The methodology hinges on ensemble docking, which integrates MD results to dock compound databases into multiple conformations of protein binding sites. This strategy effectively captures the dynamic nature of these sites, enhancing the accuracy of docking predictions. The study’s focus was on 24 systems derived from eight proteins in the SARS-CoV-2 proteome, the virus responsible for COVID-19.

The MD simulations employed temperature replica exchange enhanced sampling, a technique that utilizes massively parallel supercomputing to expedite the exploration of protein configurational space. By harnessing the Summit supercomputer at Oak Ridge National Laboratory, the researchers achieved an unprecedented rate of over one millisecond of enhanced sampling MD per day.

For the docking process, the team used AutoDock Vina to dock repurposing databases to ten distinct configurations of each of the 24 SARS-CoV-2 systems.
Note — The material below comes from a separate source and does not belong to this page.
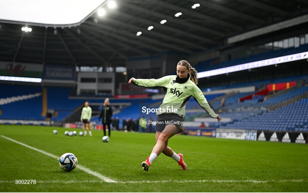 28 November 2024; Izzy Atkinson during a Republic of Ireland women training session at Cardiff City Stadium in Wales. Photo by Stephen McCarthy/Sportsfile

Remarkably, they demonstrated that with AutoDock-GPU on Summit, they could perform exhaustive docking of one billion compounds in less than 24 hours, showcasing the incredible computational efficiency and capability of their pipeline.

Preliminary results from this study highlight the potential of this supercomputing-driven approach in identifying promising drug candidates against SARS-CoV-2. The researchers also outlined future enhancements to the pipeline, including the integration of quantum mechanical (QM) methods, machine learning (ML), and artificial intelligence (AI) for clustering MD trajectories and rescoring docking poses.

This study represents a significant advancement in the field of computational drug discovery, particularly in response to emergent viral threats like COVID-19. The combination of enhanced sampling MD and ensemble docking, powered by state-of-the-art supercomputers, offers a promising path forward in the rapid identification and development of effective therapeutics.

You can access the full paper here.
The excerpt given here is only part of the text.